Does paint improve the lily?
To be possess’d with double pomp,
To guard a title that was rich before,
To gild refined gold, to paint the lily,
To throw a perfume on the violet,
To smooth the ice, or add another hue
Unto the rainbow, or with taper light
To seek the beauteous eye of heaven to
garnish,
Is wasteful and ridiculous excess.
Shakespeare, The Life and Death of King
John
For my original Integris CDP outburst, go to
UltraAudio.com’s archives or
AurumAcoustics.com. Today’s essay covers an
upgrade. Now, an upgrade is always a
temptation, particularly when the component’s
designer recommends it, but could the
spectacularly good Integris possibly sound
better? It’s back from its Canadian sojourn,
and the answer is – ah, but that would slip
the bait from the hook. Read on.
Aurum Acoustic’s Derrick Moss and I have
exchanged a lot of emails, and my respect for
and reliance on his opinions have only
strengthened. He said I’d like what I hear,
and…read on. Working from the outside in,
we’ll touch briefly on the CDP’s before-and-afters.
Moss
has fashioned a trio of needle-sharp steel
spikes to replace, as an option, the unit’s
four original rubber feet. The front two screw
into the holes the feet occupied. The third
sits, centered and unfastened, toward the
rear. I wondered whether Moss would tap a
rear-center hole in a future production run
for the unfastened spike. His reply: “There’s
a reason not to secure the rear spike. One
theory has it that vibration management works
best when one end of the unit is supported
differently from the other. I experimented
with rear supports and the unsecured spike won
out. More trials will ensue, but for now this
arrangement sounds best.” Before it left your
reporter’s Noble-Pile Domicile, the CDP sat
atop the second generation of Silent Running
Audio’s only generic isolation platform, the
Tremor / Less, to which I had added a quartet
of Nordost Quantum Points. (I heartily
recommend the T / L and Quantum Points as an
effective combination.)
The T / L is nicely finished in a bamboo
veneer the CDP’s spearheads would mar. Moss
disdains those diminutive pucks that intercede
’twixt surface and spike. SRA’s Kevin
Tellekamp doesn’t like them either. As
house-proud as the next bourgeois gentilhomme,
I was reluctant to disfigure an attractive
audio furnishing. A Golden Sound Pad, made of
the same tough carbon-fiber composite as
Golden Sound’s DH Square, offers a
satisfactory alternative. The spikes have
found their uncomplaining base. Moss’s
thoughts on vibration:
“I’m mainly using speculative analysis to
rationalize my findings. The vibes need to be
drained out of the component into something
that absorbs them. This something should not
itself become the means of return-trip
vibration. The Golden Sound Pad is a good
damping device, presumably a lot better than
the cabinet. [The CDP and NuForce Reference
9 SE amps occupy the top of a low wood
cabinet.] The spikes are just one aspect
of the picture. They permit the vibes to enter
the pad below. Their fine points operate as a
high-pressure coupling that assist the vibes
in crossing the boundary. Make that transition
too soft or bouncy, or apply it with
inadequate pressure, and the vibes return to
their source. Well, sort of….
“Our spike is really a cone. The broad top
surface couples well with the bottom of the
component. A slender spike would not be as
effective. By screwing the front pair on
tightly we get better coupling, about the same
as increasing the cone’s effective mass
several fold. Unthreading this type of spike,
where the coupling area is a design feature,
in order to adjust component leveling reduces
its usefulness.
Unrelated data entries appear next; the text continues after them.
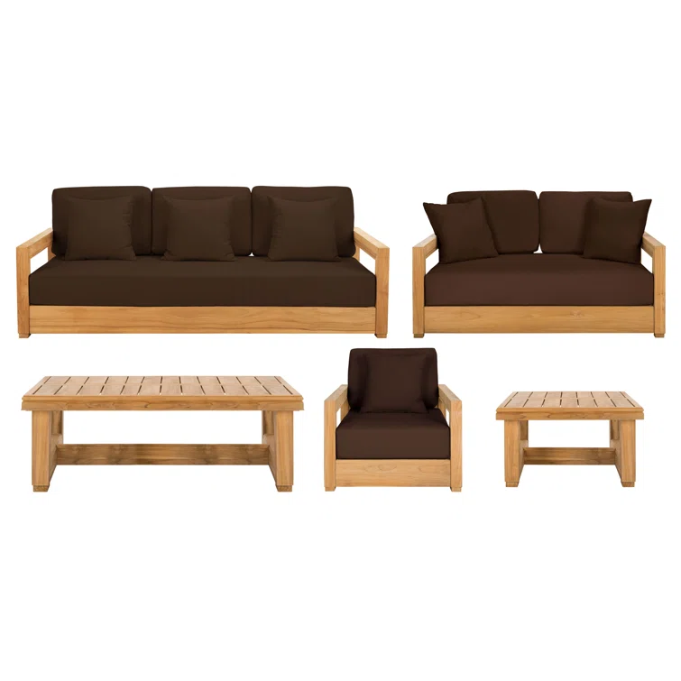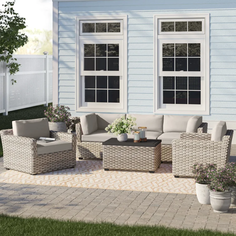Brandtley 4 Piece Sofa Seating Group with Cushions and Fire Pit Table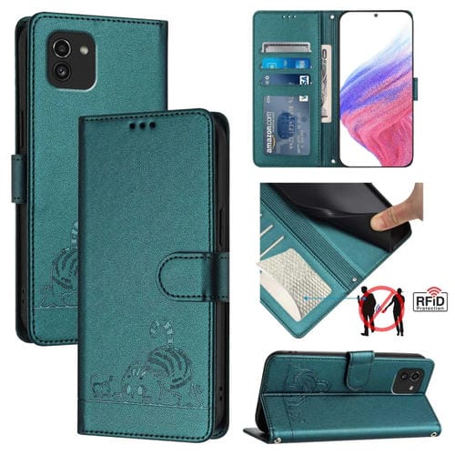 Estuche para Teléfono Samsung Galaxy A03 166mm Cuero Rfid Patrón en Relieve con Cordón (Verde Pavo Real)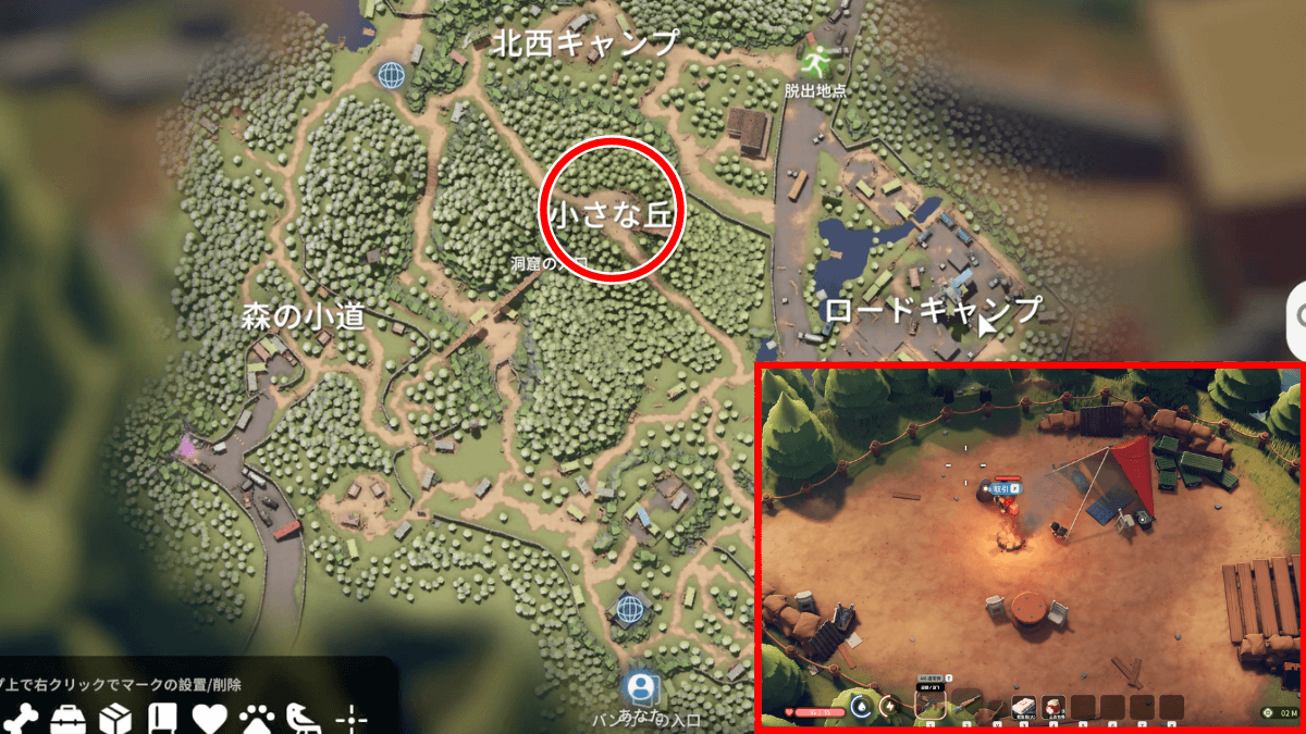 エリアゼロの謎の商人は、マップ中心部の小さな丘に居る。バンカーから歩いていくのが近い。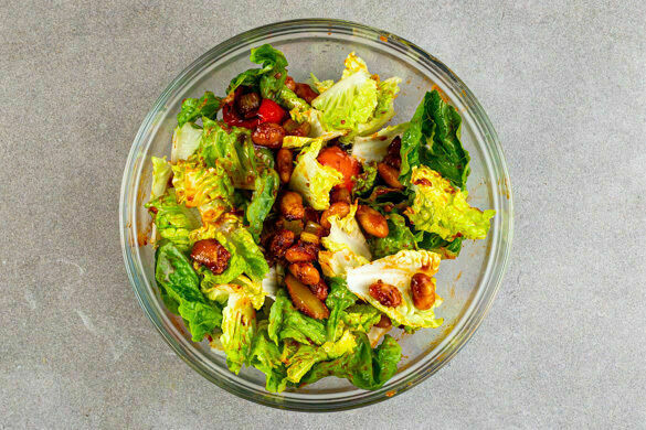 Den Romanasalat in grobe Streifen zupfen, dabei den harten Strunk entfernen. Die Romanablätter mit den Bohnen, dem Sellerie und der Paprika vermengen und den Salat auf Teller verteilen. Nach Geschmack mit etwas Olivenöl beträufeln und das Fleisch darauf anrichten. Mit den Rauchmandeln garnieren und servieren.

Likewise, securing a cone with
two-way tape or something similar decouples
the spike from the component. These are
no-no’s.
“There’s microanalysis and then there’s the
big picture, and you have to identify and
address both. We want to optimize the junction
of the cone to the component, the cone tip to
the supporting damping device, that to the
rest of the rack, and then on to the floor.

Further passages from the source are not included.